If you aren't doing the 8 hour plus experience things take longer, sometimes a lot longer, but as long as you are putting in a few hours a day you are on the right track... Now many rats don't have a clue what or who you are and they have no idea what to do with you. Are you a big rat? Do you want to play? Are you a big evil monster? They are about 6 ounces and you are gynormus! Imagine something the size of a blue whale circling you. You can't even see where this thing starts and ends. Naturally they are going to be reluctant to tick you off or engage you. Just like you might want to be friends with the blue whale and you don't have a clue how to start that's where your rats are now. But if the whale keeps rubbing against you and passing you goodies and stays right with you you are eventually going to get the message and begin to engage him more. 

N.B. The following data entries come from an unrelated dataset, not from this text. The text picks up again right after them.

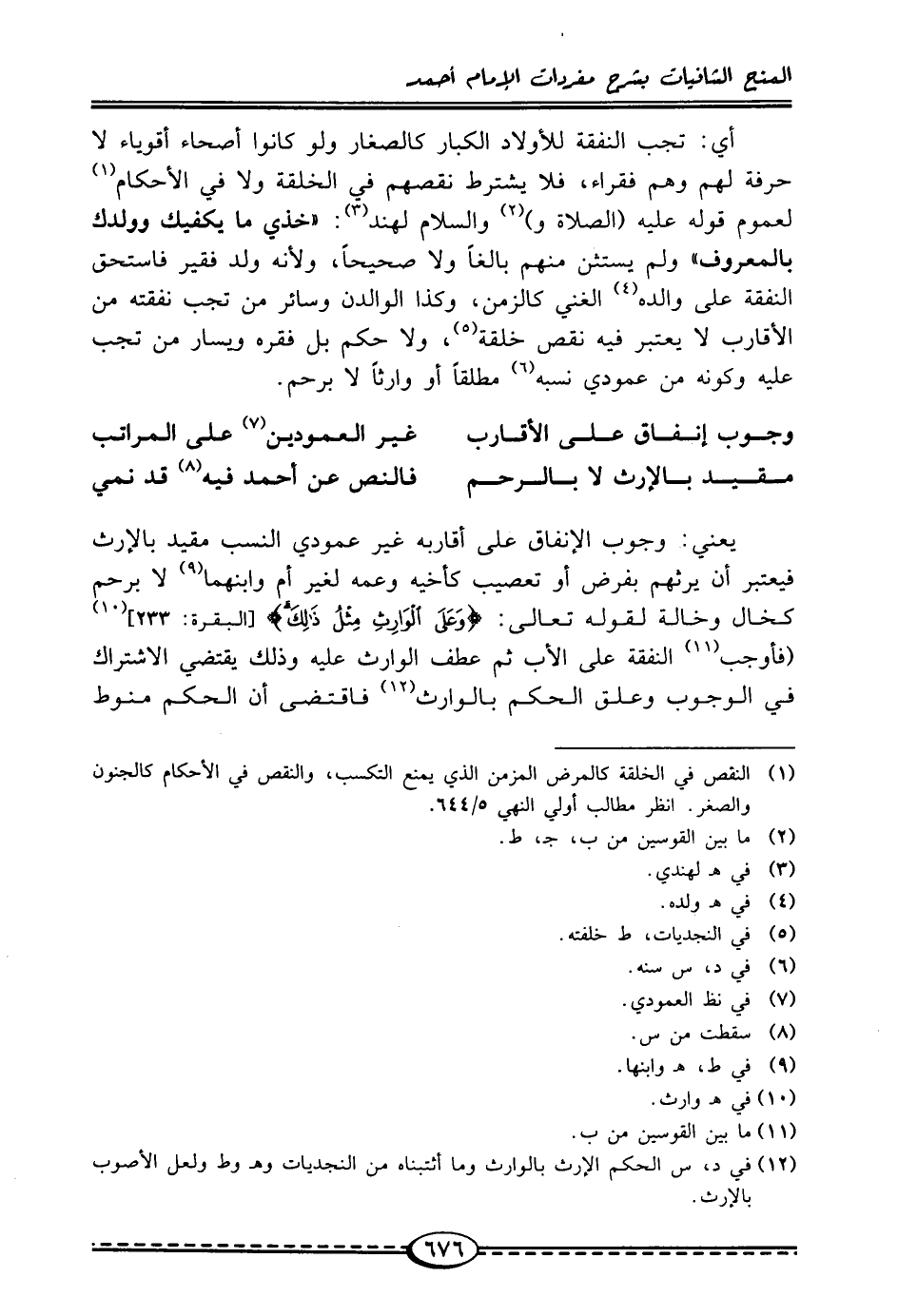 يعني: وجوب الإنفاق على أقاربه غير عمودي النسب مقيد بالإرث فيعتبر أن يرثهم بفرض أو تعصيب كأخيه وعمه لغير أم وابنهما (¬9) لا برحم كخال وخالة لقوله تعالى: {وَعَلَى الْوَارِثِ مِثْلُ ذَلِكَ} [البقرة: 233] (¬10) (فأوجب (¬11) النفقة على الأب ثم عطف الوارث عليه وذلك يقتضي الاشتراك في الوجوب وعلق الحكم بالوارث (¬12) فاقتضى أن الحكم منوط
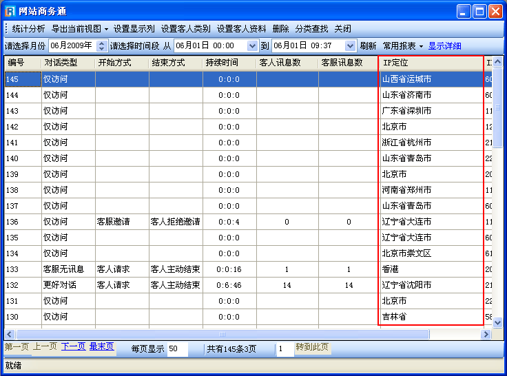 • 您可以立即直觀的看到您的訪客來自于那個地區以及相應的對話情況,如(圖2);
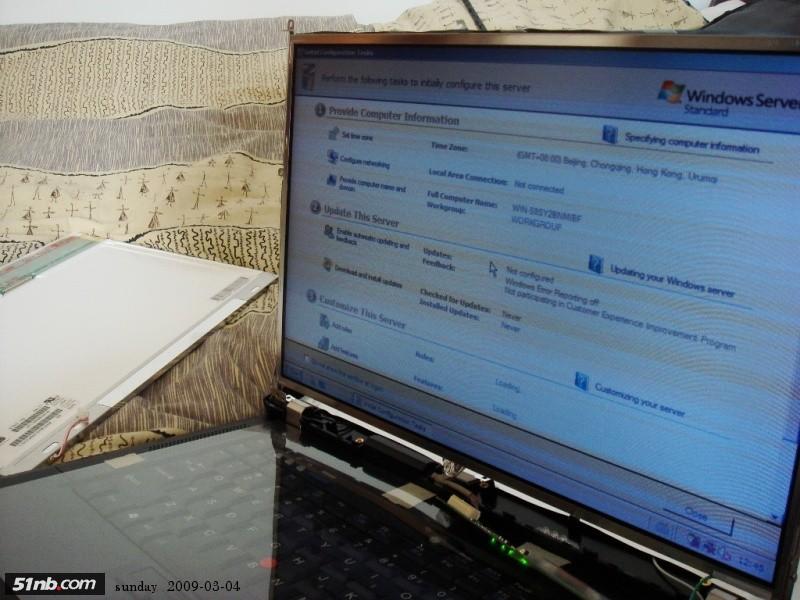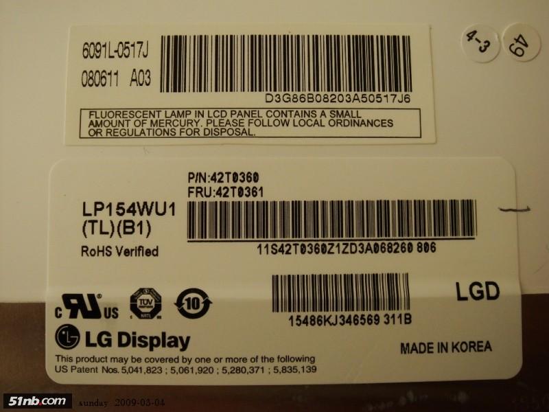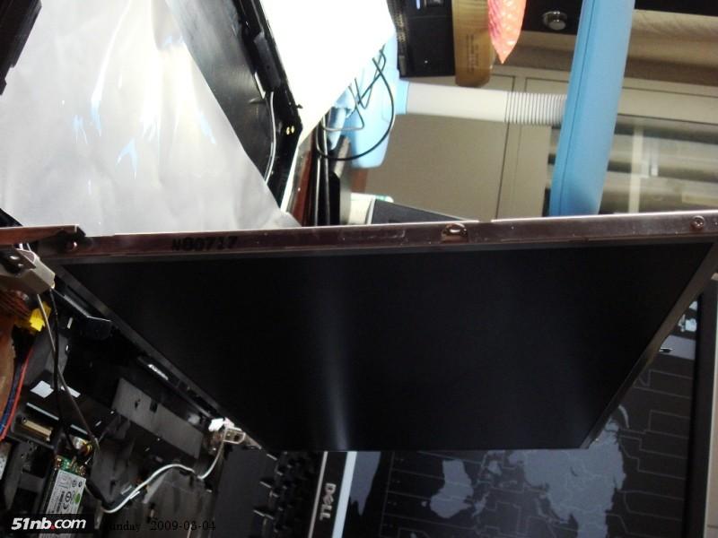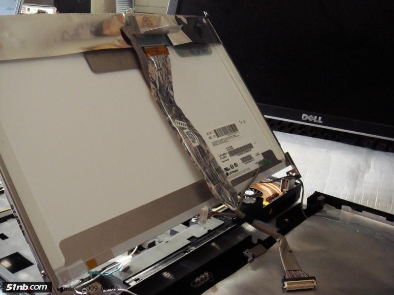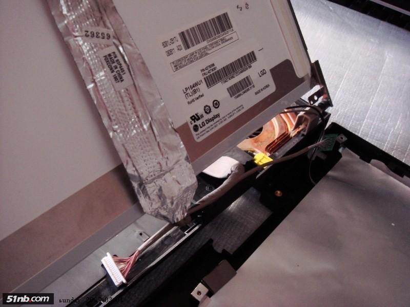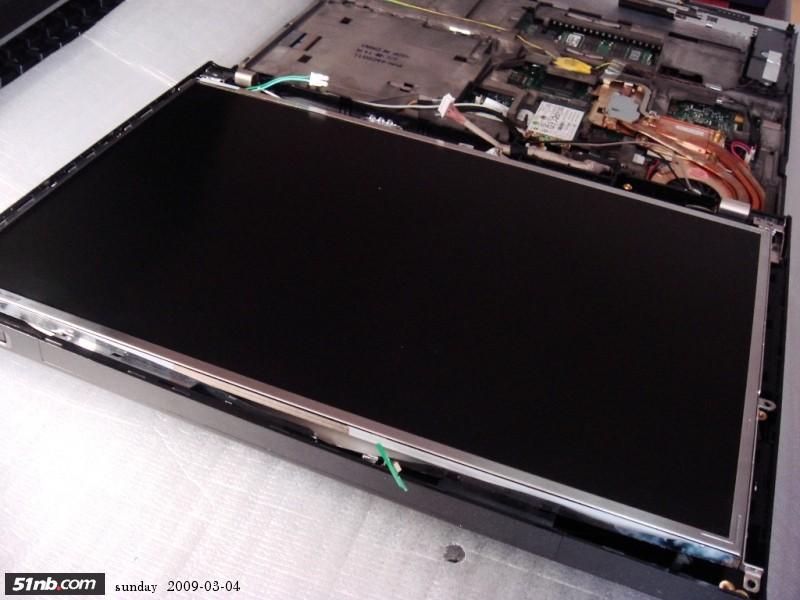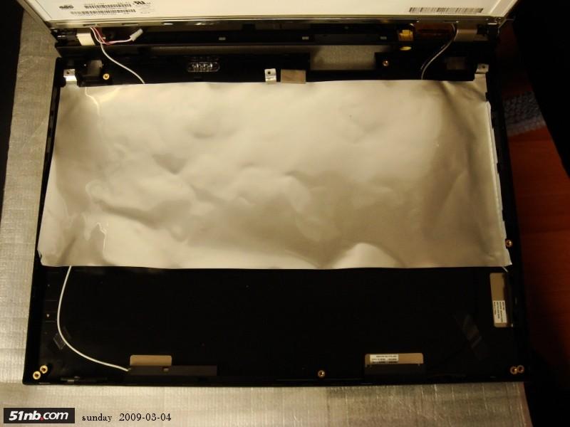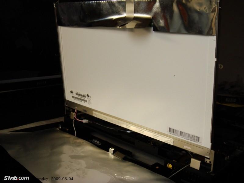 从zhangyongtao那里折腾来一块全新的15.4" WUXGA屏LP154WU1-TLB1,分辨率1920X1200。接上R61E的原配屏线试机时,出现杂乱的花屏,差点以为自己中奖了 。

So yes... for now, you have to take the initiative. If they don't seem scared anymore... that's great! Now keep using their names, try calling them, keep talking and stay on them and they will respond. Then try and interpret their motions and try to respond to what they are asking you or telling you. When they misbehave give them a love tap so they get the message. And with a lot of affection and a little discipline you become the pack alpha. Once they are completely safe to handle, snatch them out of their cages as much as possible even for just a few minutes and give them little hugs and skritches, and if they want to come out when you walk into the room open the door and pull them out and hug them or give them a treat, so they know you hear them. 

I'm glad you are really excited, I know your rats are too! You and your new pack are on the path to a great new friendship now that you are really getting it together. If you feel your progress is stopping do the marathon immersion if you are making headway everyday just keep up what you are doing. Don't stop or give up until you feel the love.


----------